Rikans L E
Department of Pharmacology, University of Oklahoma College of Medicine, Oklahoma City 73190.
Mech Ageing Dev. 1989 Jun;48(3):267-80. doi: 10.1016/0047-6374(89)90088-2.
The purpose of this study was to determine how aging affects the induction by ethanol or acetone of the hepatic microsomal monooxygenase system of female Fischer 344 rats. Young-adult, middle-aged and old rats (4, 14 and 25 months) were fed an ethanol-containing or control liquid diet for 15 days. Cytochrome P-450, cytochrome c reductase, aniline hydroxylase, nitrophenol hydroxylase, nitroanisole O-demethylase and benzphetamine N-demethylase activities were measured in hepatic microsomes. All of the drug metabolism activities except benzphetamine N-demethylase were 20-35% lower in old than in young-adult rats fed the control diet. In addition, the increase in drug metabolism produced by feeding the regular ethanol diet (36% of calories as ethanol) was 50-60% lower in the old rats. However, there was no difference in the magnitude of ethanol induction when ethanol intakes were matched. The effects of chronic acetone consumption (1.2g/day per kg body weight for 15 days) paralleled those of ethanol consumption, except that the extent of induction was greater with acetone. Acetone-induced levels of hepatic microsomal cytochrome P-450, nitrophenol hydroxylase, nitroanisole O-demethylase and aniline hydroxylase were similar in all three age groups. The results of this study indicate that induction of hepatic microsomal drug metabolism by ethanol or acetone is unaffected by the aging process.

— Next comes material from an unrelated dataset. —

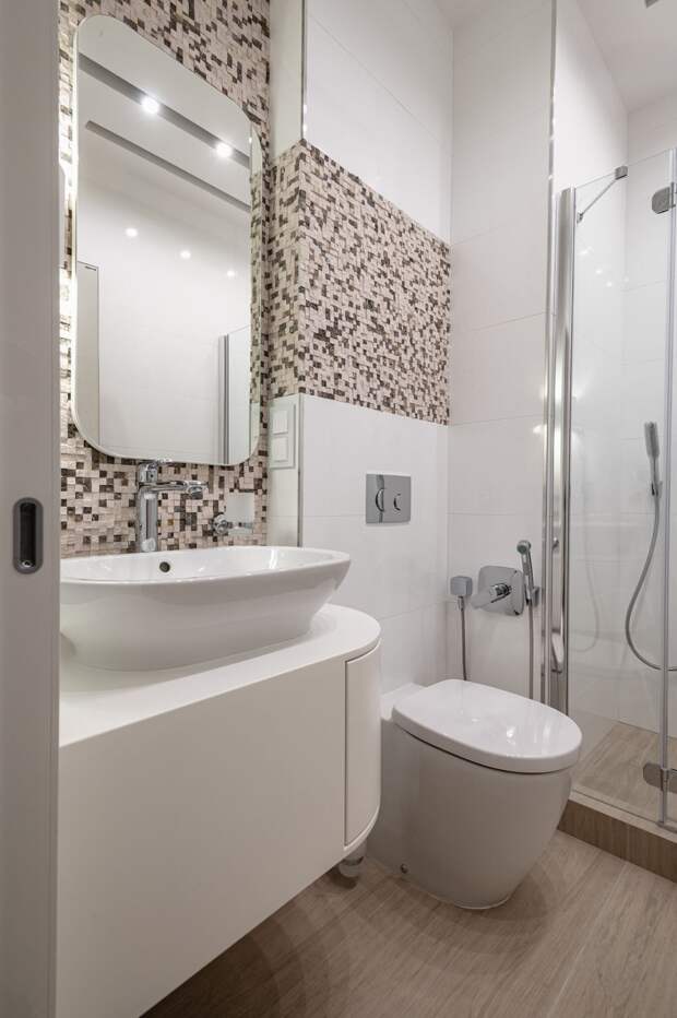Белая сантехника, белый пол, белый потолок, белые стены — это слишком для маленькой ванной. Отдавайте предпочтение светлым тонам, которые помогут визуально расширить ванную. Но не забывайте об акцентных деталях, которые сделают помещение более стильным и уютным.

本研究的目的是确定衰老如何影响雌性Fischer 344大鼠肝脏微粒体单加氧酶系统由乙醇或丙酮诱导的情况。将年轻成年、中年和老年大鼠(4、14和25个月)喂食含乙醇或对照液体饮食15天。测定肝脏微粒体中的细胞色素P-450、细胞色素c还原酶、苯胺羟化酶、硝基苯酚羟化酶、硝基苯甲醚O-脱甲基酶和苄非他明N-脱甲基酶活性。除苄非他明N-脱甲基酶外,所有药物代谢活性在喂食对照饮食的老年大鼠中比年轻成年大鼠低20-35%。此外,喂食常规乙醇饮食(乙醇占卡路里的36%)所产生的药物代谢增加在老年大鼠中低50-60%。然而,当乙醇摄入量相匹配时,乙醇诱导的程度没有差异。慢性丙酮消耗(15天内每千克体重每天1.2克)的影响与乙醇消耗相似,只是丙酮诱导的程度更大。在所有三个年龄组中,丙酮诱导的肝脏微粒体细胞色素P-450、硝基苯酚羟化酶、硝基苯甲醚O-脱甲基酶和苯胺羟化酶水平相似。本研究结果表明,乙醇或丙酮对肝脏微粒体药物代谢的诱导不受衰老过程的影响。